Tillich’s Ultimate Concern
For humans, even ordinary language use takes place within a larger horizon. As Paul Tillich observed, we are defined not simply by our ability to speak or act, but by the awareness of an
ultimate concern — something that gives weight and direction to all our expressions, whether we are conscious of it or not. This concern is not merely psychological; it is existential. It forms the background against which reasoning, judgment, and meaning become possible at all.
“Man, like every living being, is concerned about many things... But man, in contrast to other living beings, has spiritual concerns — cognitive, aesthetic, social, political. They are expressed in every human endeavor, from language and tools to philosophy and religion. Among these concerns is one which transcends all others: it is the concern about the ultimate.”

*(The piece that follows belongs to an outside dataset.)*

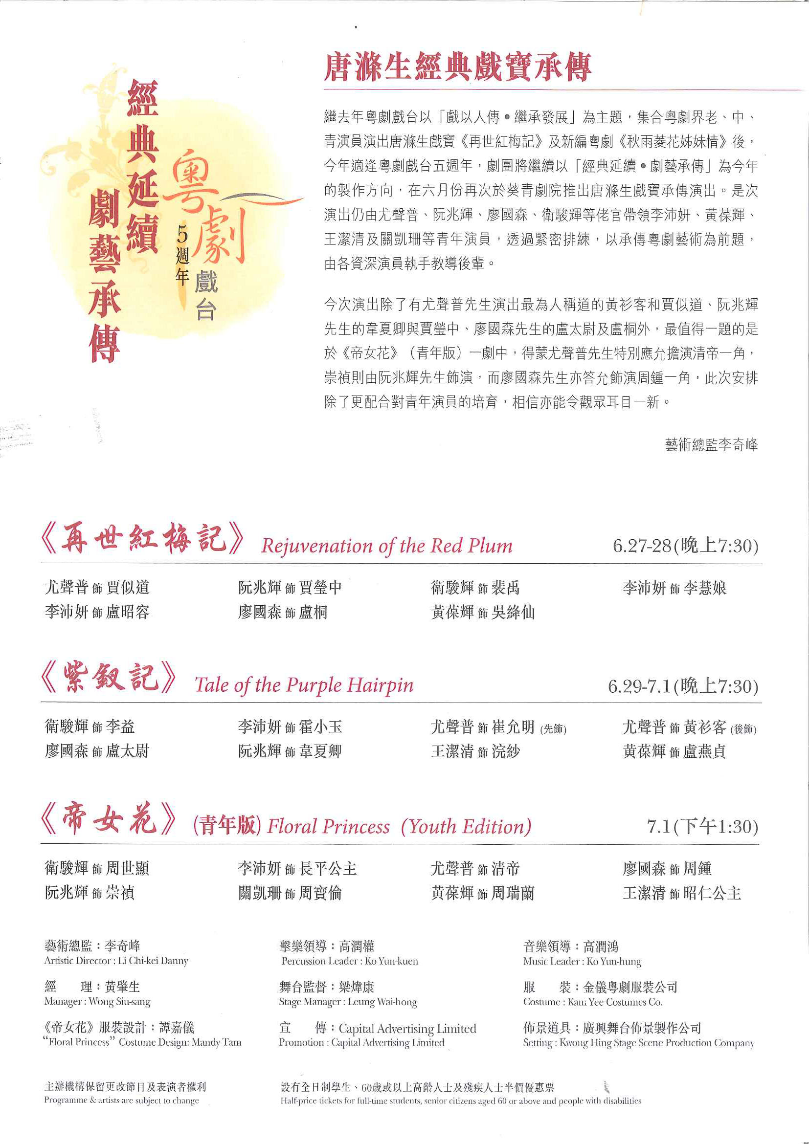 唐滌生經典戲寶承傳《紫釵記》

— Paul Tillich, The Dynamics of Faith (1957)
Without this grounding, reason risks becoming a kind of shell — formally coherent, apparently persuasive, but conveying nothing meaningful. Rationality divorced from meaning can lead to propositions that are syntactically correct yet semantically meaningless — the form of reason but without content.
Heidegger: Reason is Grounded by Care
If Tillich’s notion of
ultimate concern frames reason in theological terms — as a responsiveness to what is of final or transcendent significance — Heidegger grounds the discussion in the facts of human existence. His account of
Dasein (the being for whom Being is a question) begins not with faith or transcendence, but with
facticity — the condition of being
thrown into a world already structured by meanings, relationships, and obligations.
Even if Heidegger is not speaking in a theological register he, too, sees reason not merely as abstract inference but as embodied in
concerned involvement with the world. For Heidegger, we do not stand apart from existence as detached spectators. We are always already
in the world — in a situated, embodied, and temporally finite way. This “thrownness” (
Geworfenheit) is not a flaw but essential to existence. And we need to understand, because something
matters to us. Even logic, for Heidegger, is not neutral. It emerges from
care — our directedness toward what matters. This is the dimension of reasoning that is absent from AI systems.
What AI Systems Cannot DoThe reason AI systems do not
really reason, despite appearances, is, then, not a technical matter, so much as a philosophical one. It is because for those systems,
nothing really matters. They generate outputs that
simulate understanding, but these outputs are not bound by an inner sense of value or purpose. Their processes are indifferent to meaning in the human sense — to what it means to say something
because it is true, or
because it matters. They do not live in a world; they are not situated within an horizon of intelligibility or care. They do not seek understanding, nor are they transformed by what they express. In short, they lack
intentionality — not merely in the technical sense, but in the fuller phenomenological sense: a directedness toward meaning.
This is why machines cannot truly reason, and why their use of language — however fluent — remains confined to imitation or simulation. Reason is not just a pattern of inference; it is an
act of mind, shaped by actual concerns. The difference between human and machine intelligence is not merely one of scale or architecture — it is a difference in kind.
Finally, and importantly,
this is not a criticism, but a clarification. AI systems are enormously useful and may well reshape culture and civilisation. But it's essential to understand what they are — and what they are not — if we are to avoid confusion, delusion, and self-deception in using them.